What Israel has been doing is conducting "targeted assassinations" of senior Hamas leaders and of those involved in the manufacture and deployment of the rockets. The strikes have mainly been done by guided missiles fired from attack helicopters. But of course, the West condemns those strikes, apparently for no other reason that sometimes, despite Israel's pains to be precise, other Gazans are killed or wounded. That and the now-reflexive response that "it's Israel's fault" no matter what happens.

From Israel's own perspective, invading Gaza is not an option. It would bog the country down for years of occupation at prohibitive cost in both money and lives of Israeli troops. And of course it would also be condemned by the West and the UNSC. Finally, Israelis are acutely aware that a a Jewish country, founded because of the Holocaust, is morally restrained in unique ways from "going Roman" on Gaza, no matter how many rockets fly from there.

So Hamas gets to play its Sederot Gambit with impunity and insignificant cost to itself or to Gazans. Hamas can make life unendurable for thousands of Israelis who simply want to live in their own country. And the gambit is working not because of Israel's own lack of options, but because the West, which could make life very hard for Hamas and could interdict its supplies of lethal materials from Iran, averts its eyes, pretends it isn't happening, and washes its hands of the whole situation.
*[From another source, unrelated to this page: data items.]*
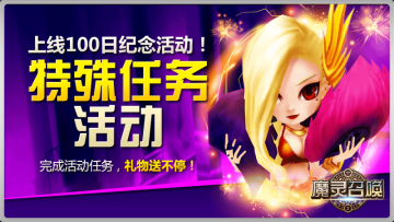 在魔灵召唤游戏中,为纪念游戏上线100日,特推出100日纪念特殊任务活动,完成活动任务,礼物送不停,下面给大家详细介绍下此次活动的内容。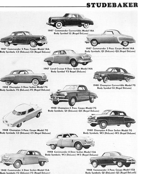 •Delivery trucks, commanders(sedan, convertible), 2-door sedans, Hardtops, Pickup trucks, Police cars, 4-door station wagons, & cruisers.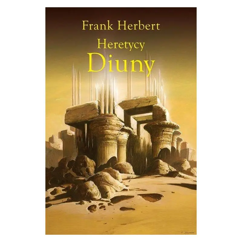 Piąty tom sześciotomowego cyklu „Kroniki Diuny” z obrazem i rysunkami Wojciecha Siudmaka. Gdy Lucylla skupiła wzrok na Tegu, nagle przemknęła przez nią jedna z najgłębiej wszczepionych reakcji Bene Gesserit. Fazy tej reakcji mogły być określone później. „Coś jest nie tak! Niebezpieczeństwo! Teg to nie Teg!” W nagłym błysku reakcji wszystkie fazy zlały się w jedno. Odpowiadając, użyła z wszystkich sił Głosu: — Duncan! Padnij! Duncan padł na trawę, nie odwracając wzroku od Tega trzymającego polową rusznicę laserową. „Maskaradnik!” — pomyślała Lucylla. Tylko jej nadczujność go ujawniła. „Jeden z tych nowych!” — Maskaradnik! — krzyknęła. Duncan rzucił się w bok i skoczywszy w górę, leciał poziomo co najmniej metr nad ziemią. Szybkość jego reakcji wstrząsnęła Lucyllą. Nie wiedziała, że ktokolwiek może poruszać się tak szybko. Pierwszy strzał z rusznicy przeszedł pod Duncanem, który zdawał się płynąć w powietrzu. Lucylla skoczyła z galerii, chwytając w locie parapet okna poniżej, a nim się zatrzymała, jej prawa dłoń wystrzeliła i znalazła wystającą rurę spustową, której położenie podpowiedziała jej pamięć. Wygięła się w bok i zeskoczyła na podokiennik niższego piętra. Pchała ją desperacja, chociaż wiedziała, że nie zdąży. Blisko półtora tysiąca lat po śmierci Boga Imperatora we wszechświecie dużo się zmieniło. Nie ma Imperium, Rakis nie jest już jedynym źródłem melanżu, a rybomówne straciły wpływy. Tleilaxanie, Ixanie i Bene Gesserit pozostali jednak na scenie, a nieżyjący Leto II wciąż kładzie się cieniem na ich przyszłości. Walcząc o supremację, a zarazem usiłując ocalić zgromadzenie przed napływającymi z Rozproszenia Dostojnymi Matronami, Bene Gesserit układają diaboliczny plan. W jego centrum tkwią kolejny ghola Duncana Idaho i żyjąca na Rakis dziewczyna, która... rozkazuje czerwiom. „Wciągająca i porywająca... Fascynuje szczegółami, a zarazem spowita jest aurą tajemnicy i mistycyzmu” - „Milwaukee Journal” Dom Wydawniczy REBIS wydał sześciotomowy cykl „Kroniki Diuny”, na który składają się powieści: Diuna, Mesjasz Diuny, Dzieci Diuny, Bóg Imperator Diuny, Heretycy Diuny i Kapitularz Diuną.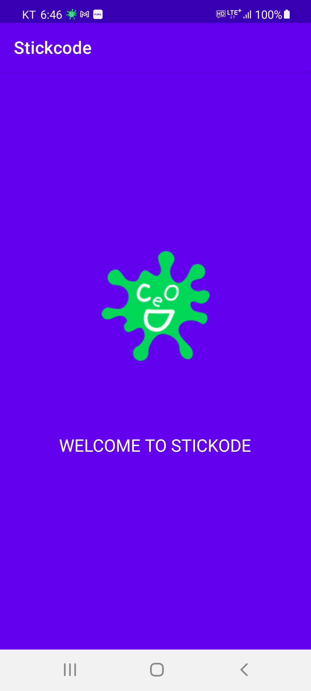 android:text="WELCOME TO STICKODE"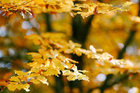 Close up of bright vibrant yellow leaves on a tree branches in autumn park. Detail of fall forest foliage.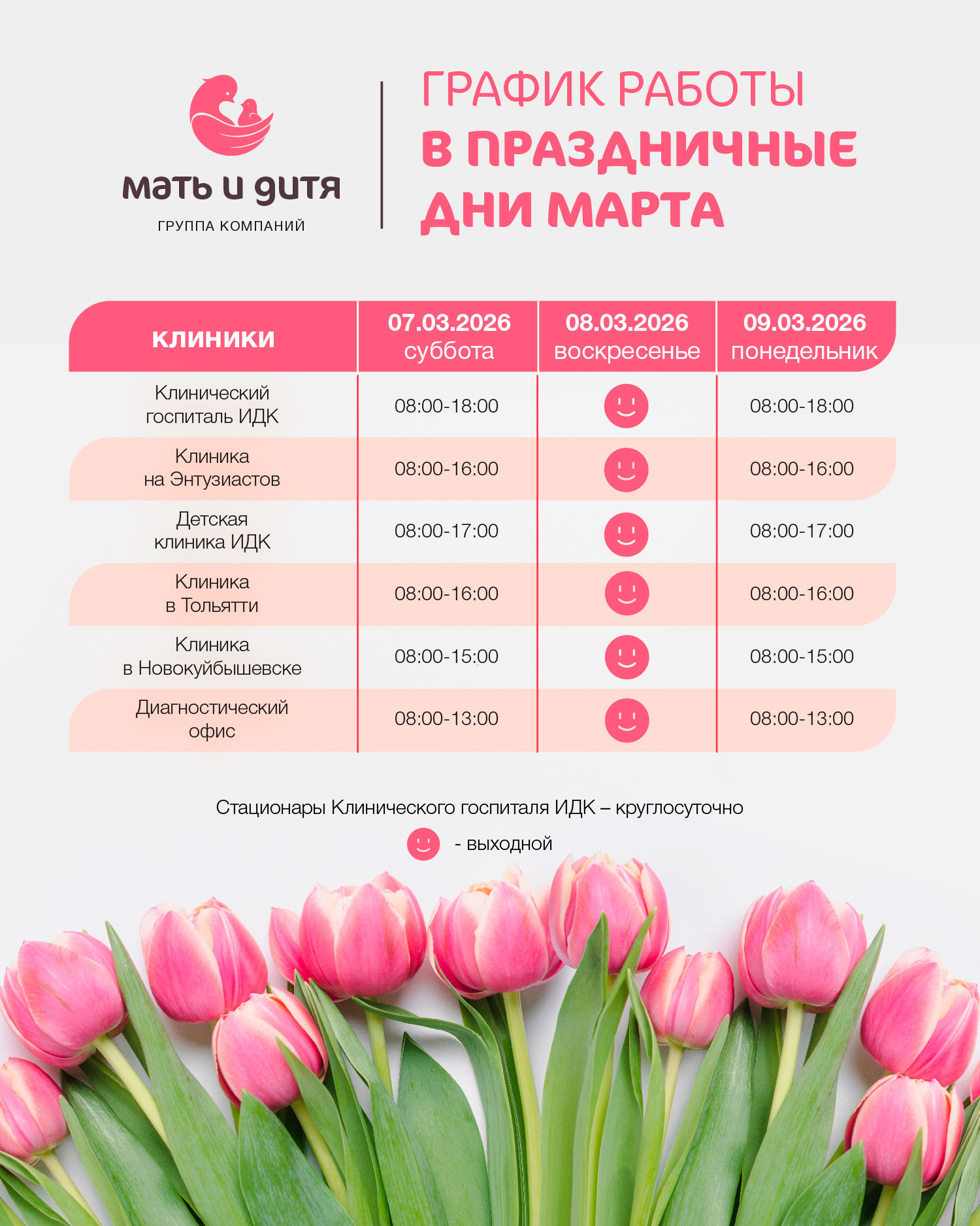 Информируем вас о графике работы клиник клиник «Мать и дитя-ИДК» в праздничные дни.
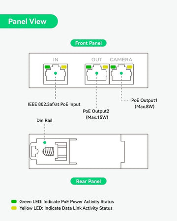 LINOVISION Mini extender POE a 2 porte Ripetitore IEEE 802.3af/at POE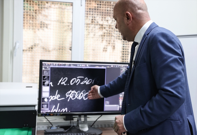 Adli belge inceleme laboratuvarında uzmanlık yapan Nilüfer Şeyda Dursun, çeşitli ışık dalgalarıyla evraklardaki sahtecilik amaçlı değişiklikleri gösteren, dünyanın sayılı laboratuvarında bulunan cihazda hazırlanan örnek evrakları gösterdi.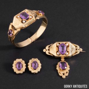 Bracelet, Broche et Boucles d’oreilles en or, améthystes, perles fines – Vers 1850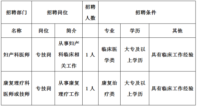 为满足我院业务发展需求,面向社会公开招聘专业技术人员,拟招妇产科医师1名、康复理疗科医师1名或技师1名(医师优先)。现将有关事项公告如下: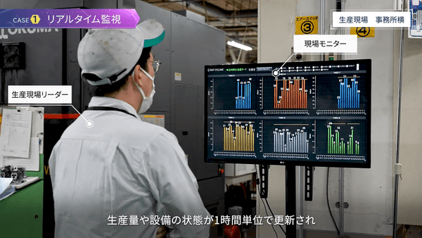 横須賀事業所内の生産ライン横のモニターで、生産計画と実績の差異や設備停止情報、単位時間あたりの生産量などを即座に確認できる仕組みを構築。これにより異常発見から対応までの時間が短縮され、生産管理の効率化と安定稼働が実現しました。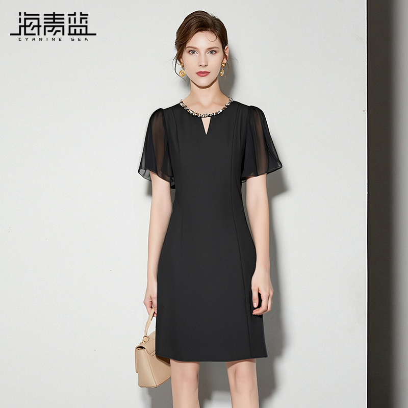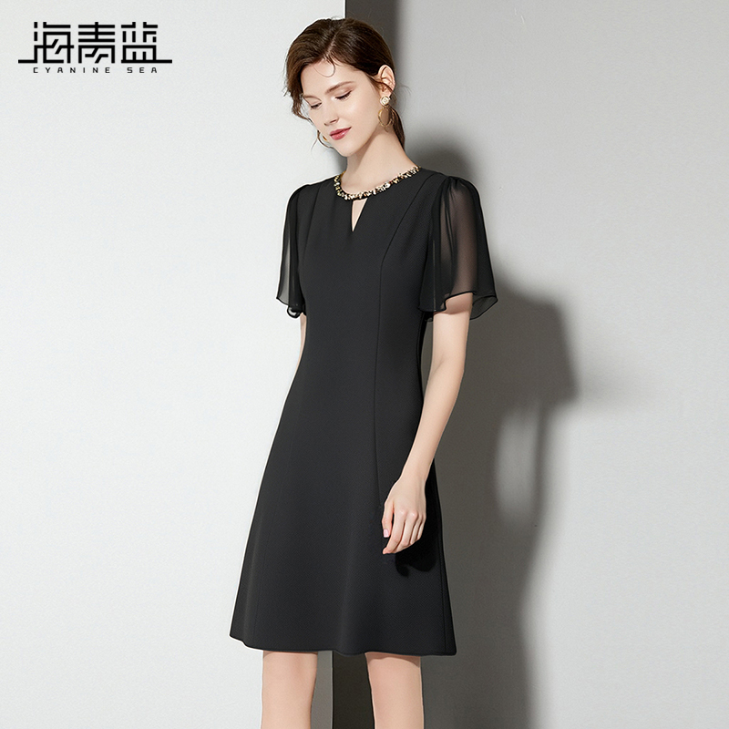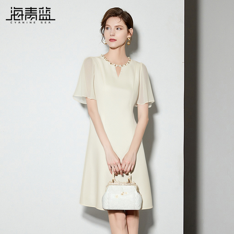 夏季 裙子2025年新款 高级时尚 气质中长款 连衣裙女 海青蓝 短袖 女装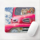 Par de recuperadores de ouros em um caminhão vermelho velho com dados de felpudo.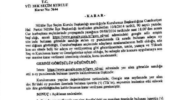 Bursa’da, Google+' class='textetiket' title='Google haberleri'>Google’nin cumhurbaşkanlığı seçimi için hazırladığı grafikte sandığa atılan oy pusulasında ilk sırada bulunan adaya oy verilmesine tepki göstererek, tasarımın kaldırılması için İlçe Seçim Kurulu’na başvuran CHP Nilüfer İlçe Başkanı Özgür Şahin'e cevap Yüksek Seçim Kurulu'ndan geldi.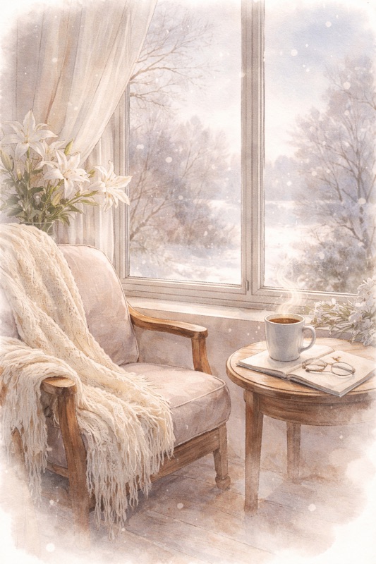 But by 3 p.m., I was bundled back in my pajamas and cozy socks, curled into my favorite chair by the window. Outside, the sky was a pale winter gray, the light soft and heavy, as if everything was exhaling.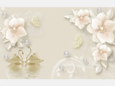 Фотошпалери Ніжні квіти з лебедями ( 25081 )Вартість залежить від розмірів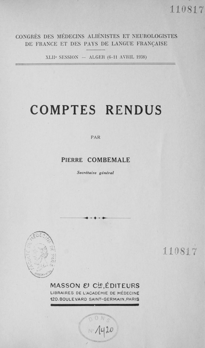 Congrès des médecins aliénistes et neurologistes de France et des pays de langue française. XXXV° session. Alger (6-11 avril 1938). Comptes rendus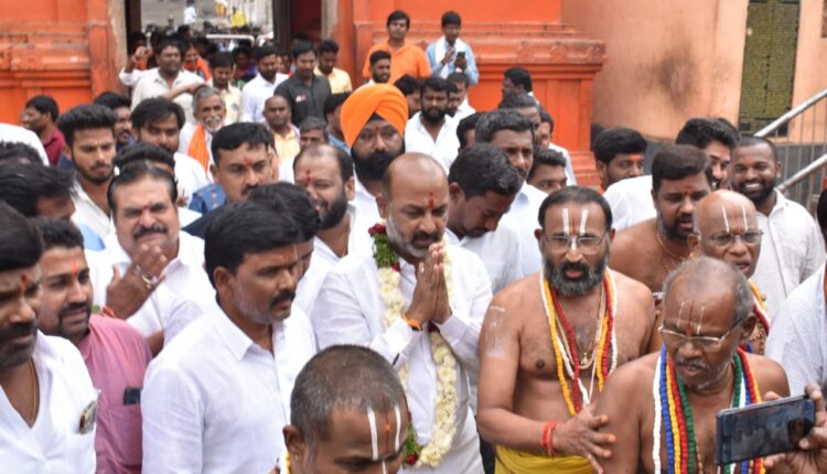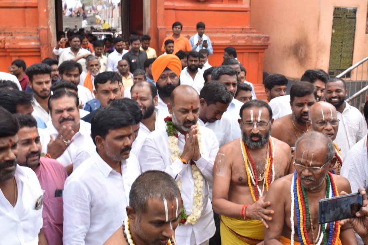 ముద్ర, మల్యాల: మండలంలోని ప్రముఖ పుణ్యక్షేత్రం కొండగట్టు (ముత్యంపేట) శ్రీ ఆంజనేయ స్వామివారిని శనివారం బీజేపీ జాతీయ ప్రధానకార్యదర్శి, కరీంనగర్ ఎంపీ బండి సంజయ్ కుమార్ దర్శించుకున్నారు. ఈ సందర్భంగా స్వామివారికి ప్రత్యేక పూజలు నిర్వహించారు. అనంతరం ఆయన మాట్లాడుతూ కరీంనగర్ మహాశక్తి ఆలయం దర్శనం తర్వాత పవిత్రమైన కొండగట్టు శ్రీ ఆంజనేయ స్వామి ఆశీర్వాదంతో మేడిపల్లి నుంచి ప్రజాహిత యాత్ర ప్రారంభిస్తున్నట్లు తెలిపారు. ఆరు రోజులపాటు వేములవాడ, సిరిసిల్ల నియోజకవర్గాలలో అన్ని మండలాలలో, గ్రామాలలో పూర్తి చేయనున్నట్లు తెలిపారు.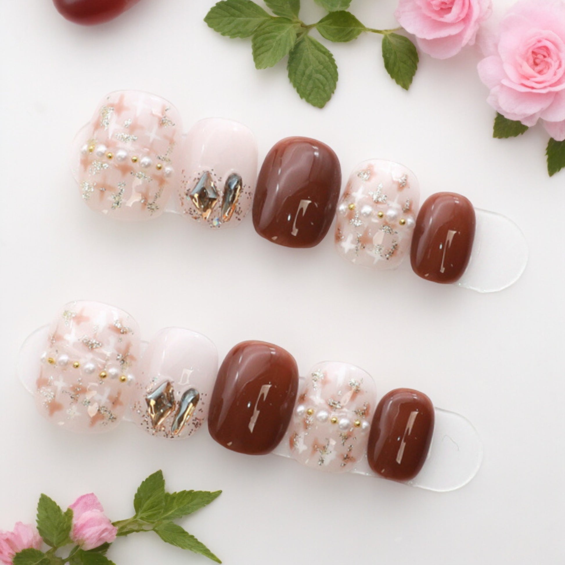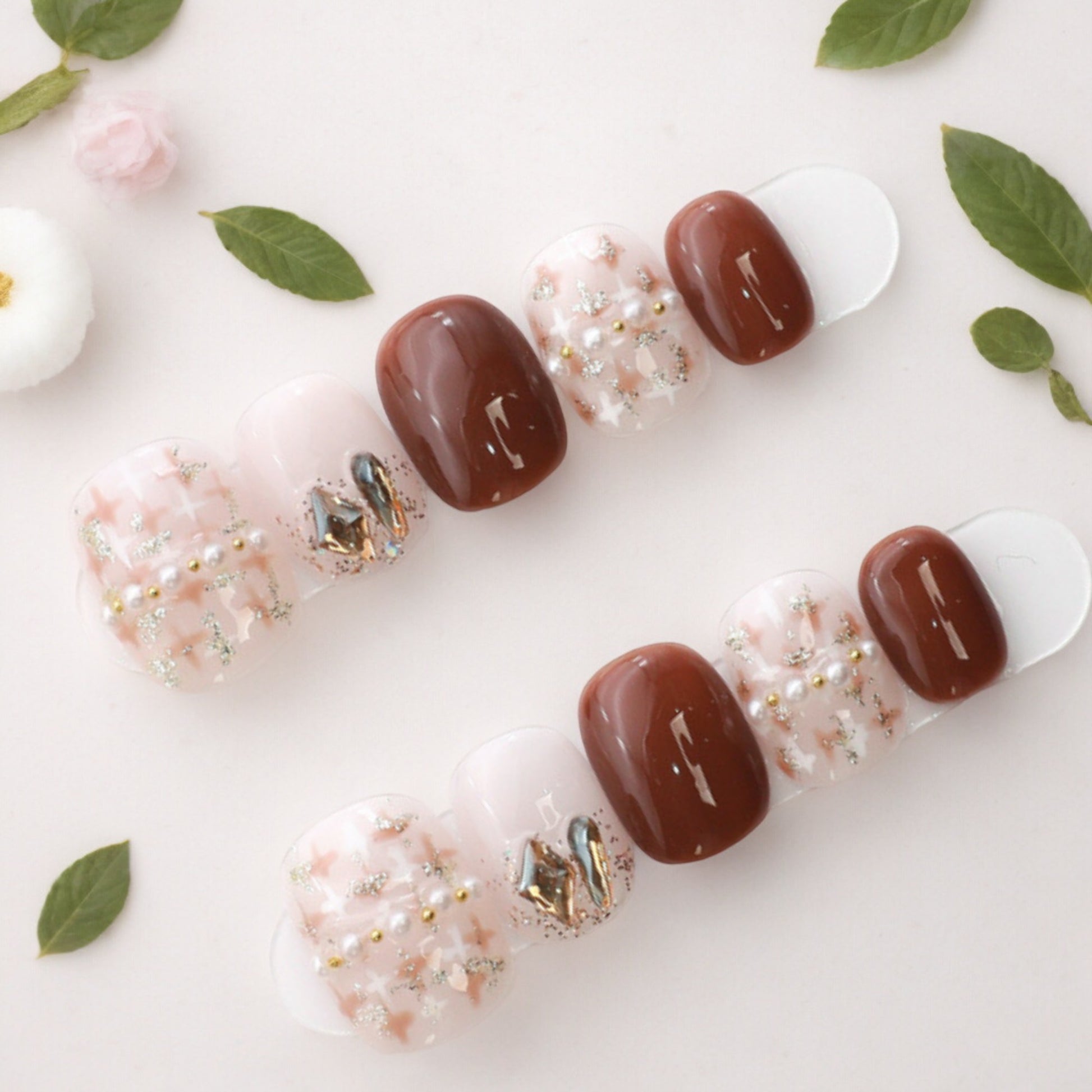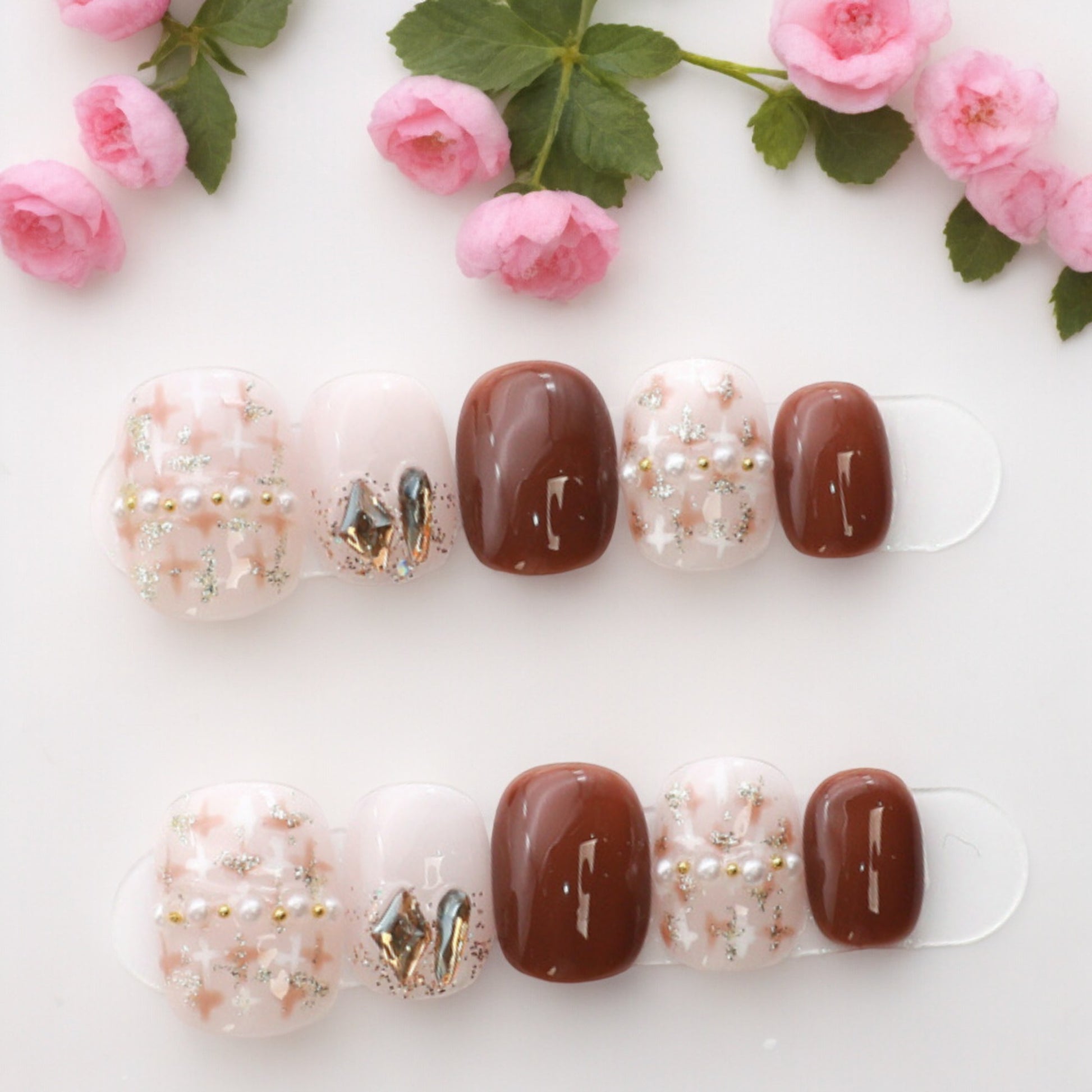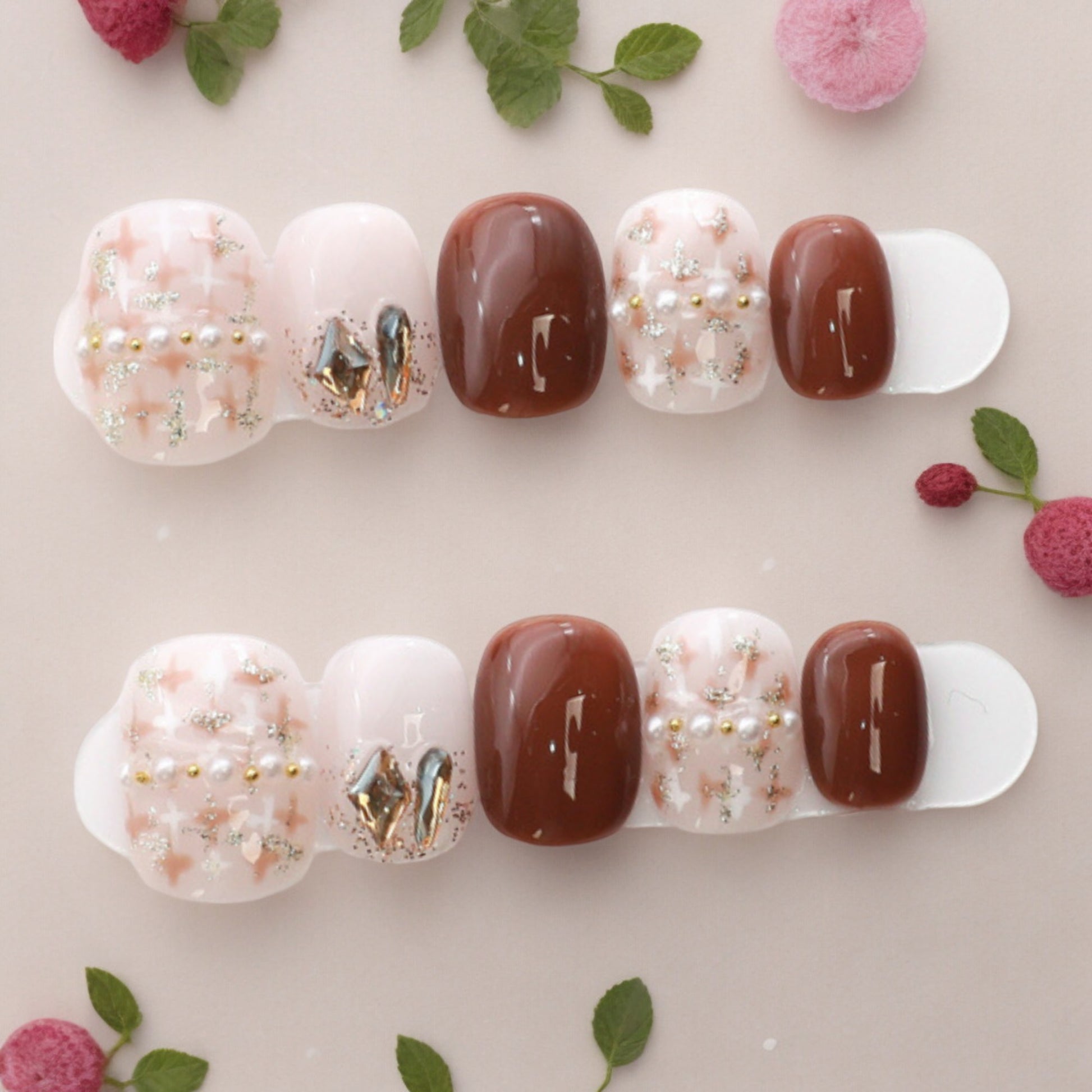 Short round nail shape, painted in pale nude and toffee colours. Complimented with gems and pearls for a classy evrday style. Finished off with a touch of Gold glitter.

Update: Herb Keinon, reporting from Israel, says that Israel may be about to launch a "large-scale incursion into Gaza."
According to defense sources, the goals of such an operation - reportedly in the planning stages for weeks if not months - would not "merely" be to reduce the threat of rocket fire and rocket manufacturing in the Gaza Strip, but would also likely entail paralyzing the Hamas government's ability to operate, and even include "regime change."
We'll see. The Olmert government pretty much proved in 2006's Lebanon invasion that it does not have the stomach or the will to bring military campaigns to actual decision. There's no real reason to think it will be more determined this time.